Mathilda, poules au jardin sanctuaire planète indigo
Mathilda qui prend de la hauteur sur mon bras


Je suis beaucoup intervenue au début en me posant vers elles et facilitant les liens, puis en une semaine, en aménageant les lieux, tout se passe bien, même si la hiérarchie n’est pas encore tout à fait établie… et les poules sont des animaux très hiérarchisés.


Et avec ces 10 nouvelles habitantes, sont venues des constatations :


Les poules sont baguées afin de pouvoir les trier facilement par année de naissance. Une des nouvelles a d’ailleurs une patte qui garde les séquelles d’une bague qui s’est resserrée et qui a failli lui coûter sa patte. Nous avons donc enlevé toutes les bagues des poules.


Nous avons aussi traité les pattes contre la gale car certaines avaient des signes de cette maladie.


Et nous allons aussi vermifuger tout ce petit monde.


J’y vais progressivement et avec douceur. Cela a remis en lumière le fait que les humains que nous sommes ont du mal à voir chaque animal, quelle que soit son espèce, sa taille, sa race, son prix (et oui cela rentre encore tellement en ligne de compte), pour ce qu’il EST réellement, à savoir un autre être vivant, avec une âme et une conscience, qui mérite d’être considéré individuellement et qui a droit à des soins de base, même si cela ne rapporte rien. Chacun devrait aussi pouvoir choisir ce qui lui est fait ou non.


Je demande toujours à l’animal si ce que je fais est ok pour lui.


Je nomme toujours ce que je fais. Et je respecte aussi les refus.

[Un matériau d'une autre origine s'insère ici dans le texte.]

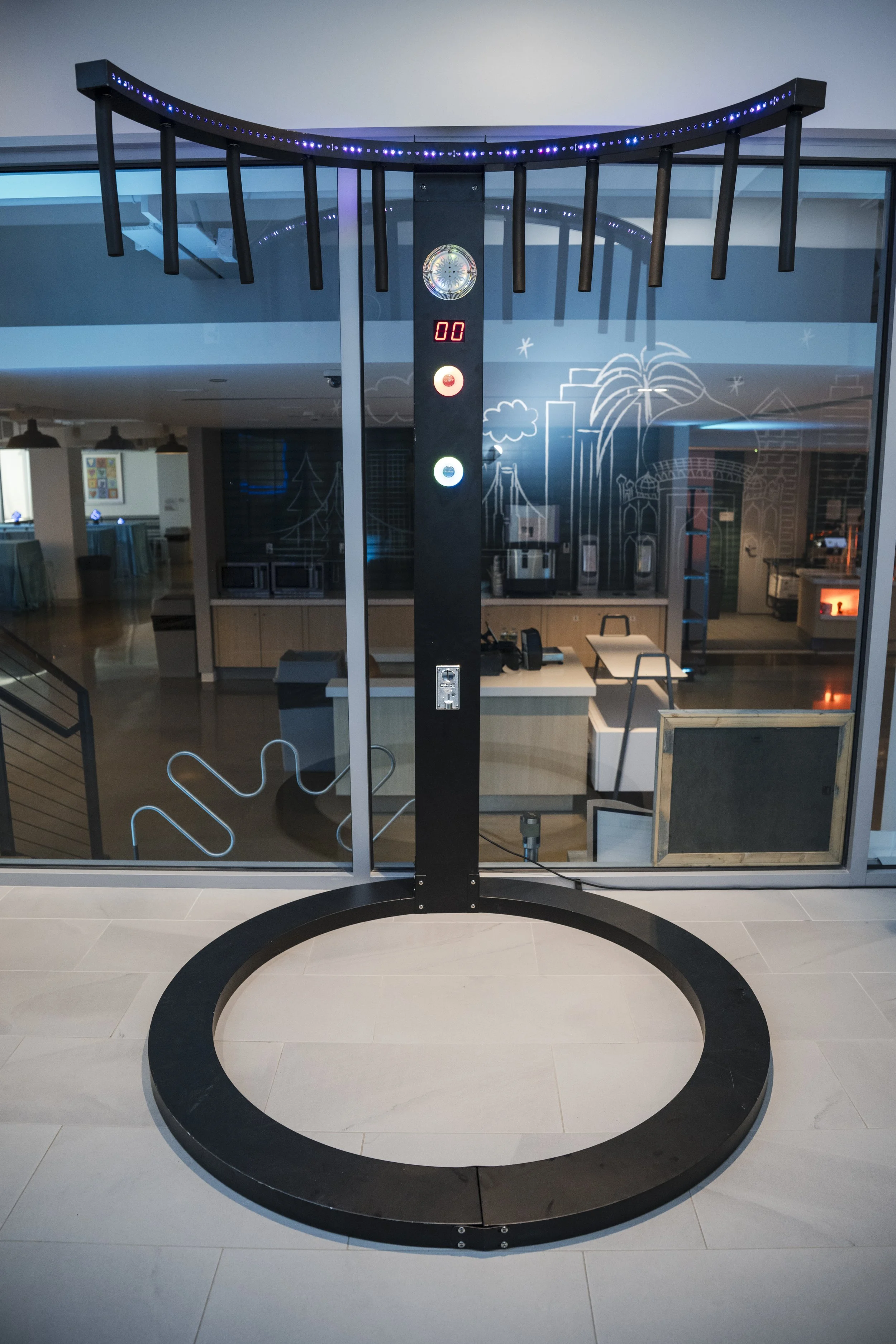Awards were displayed on white serpentine tables, beautifully lit from above to shine like the achievements they represented. Hidden throughout the space were interactive food stations and playful experiences, including Giant Light Bright, Foot Frenzy 1v1 soccer, a photobooth, and the night’s biggest hit — our brand-new Quick Stick game, where guests tried to grab falling sticks before they hit the ground.
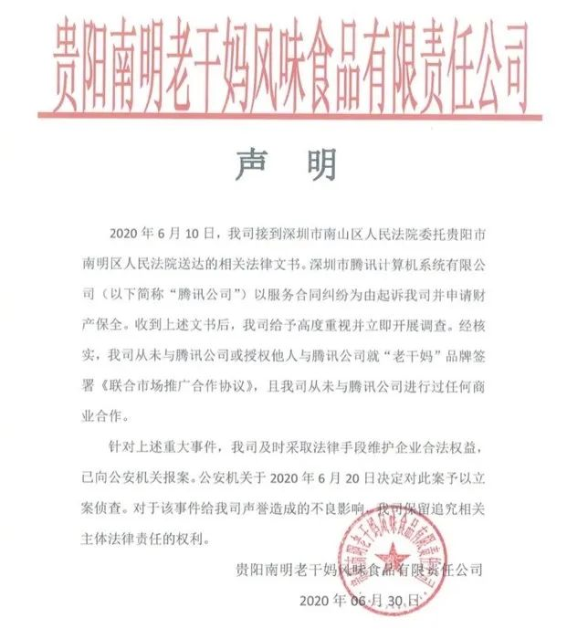 更更更魔幻的是,腾讯一边找法院起诉,老干妈一边在找公安报警。
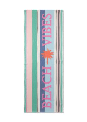 Der Codello Schal ist ein modisches Accessoire aus hochwertiger Baumwollmischung mit einem ansprechenden Streifenmuster und dem Schriftzug ‚BEACH VIBES‘. Ideal für kühle Tage und vielseitig kombinierbar.
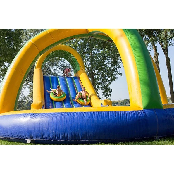 Let erop dat het vullen van het zwembad enkele uren in beslag neemt. Je dient dan ook zelf te zorgen voor het wateraanvoer. De afmetingen van de tobbedans is 17.0 x 6.0 x 6.0 M en de baan weegt 280 KG. Bij het opzetten van deze topattractie zijn er 4 vrijwilligers nodig.

Mais je suis touchée ces jours par tout ce que nous faisons aux animaux (ou ce que nous ne faisons pas) pour nous faciliter la vie, ou par paresse ou par ignorance. Moi-même j’apprends chaque jour et je reste humble, parce que je tente de faire de mon mieux avec ce que je sais et ce que je vois et ce que je reçois des individus qui vivent dans le jardin sanctuaire.


Je suis aussi touchée par le fait que j’ai pu offrir une place à 10 poules alors que chaque semaine, des centaines et certainement des milliers vont à l’abattoir, dans une totale indifférence, alors que je suis en train de me demander comment je vais les nommer, afin que chacune soit un sujet à part entière, avec un nom et une histoire, qui est et sera contée.

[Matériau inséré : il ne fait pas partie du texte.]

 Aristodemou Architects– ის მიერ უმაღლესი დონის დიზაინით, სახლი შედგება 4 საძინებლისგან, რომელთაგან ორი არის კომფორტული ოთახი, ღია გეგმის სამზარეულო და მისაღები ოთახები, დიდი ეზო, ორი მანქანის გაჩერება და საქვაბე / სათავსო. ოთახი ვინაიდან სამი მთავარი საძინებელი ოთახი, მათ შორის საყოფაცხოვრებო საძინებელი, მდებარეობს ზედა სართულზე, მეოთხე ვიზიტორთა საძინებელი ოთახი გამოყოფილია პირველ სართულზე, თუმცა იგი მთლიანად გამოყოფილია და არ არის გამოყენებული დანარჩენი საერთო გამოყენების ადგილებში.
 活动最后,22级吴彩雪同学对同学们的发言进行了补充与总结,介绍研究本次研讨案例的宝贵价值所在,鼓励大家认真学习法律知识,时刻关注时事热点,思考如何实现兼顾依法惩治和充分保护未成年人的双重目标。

Jardin sanctuaire planète indigo


Mais je me dis aussi que cela fait toute la raison de faire vivre ce jardin sanctuaire et de tous les autres sanctuaires, afin que les personnes qui viennent ici ou qui lisent ces mots à distance, puissent expérimenter le fait d’être en relation avec toutes ces âmes, qui ont choisi de venir expérimenter sous une forme ou une autre la vie sur terre.


Nous avons tellement à construire, à inventer de nouvelles manières d’être en lien avec les animaux, hors des cadres et manières de faire habituelles, désuètes et dépassées.


Une Follie semble très contente d’avoir les poules à côté et Bianca, Stella et Désirée les voient et les entendent. Tout est à sa place…


Nous avons aussi ouvert nos parcs qui avaient tellement d’herbe aux chevaux des voisins. Et là aussi, tout se passe bien, les juments sont totalement ok de voir les trois chevaux venir et repartir.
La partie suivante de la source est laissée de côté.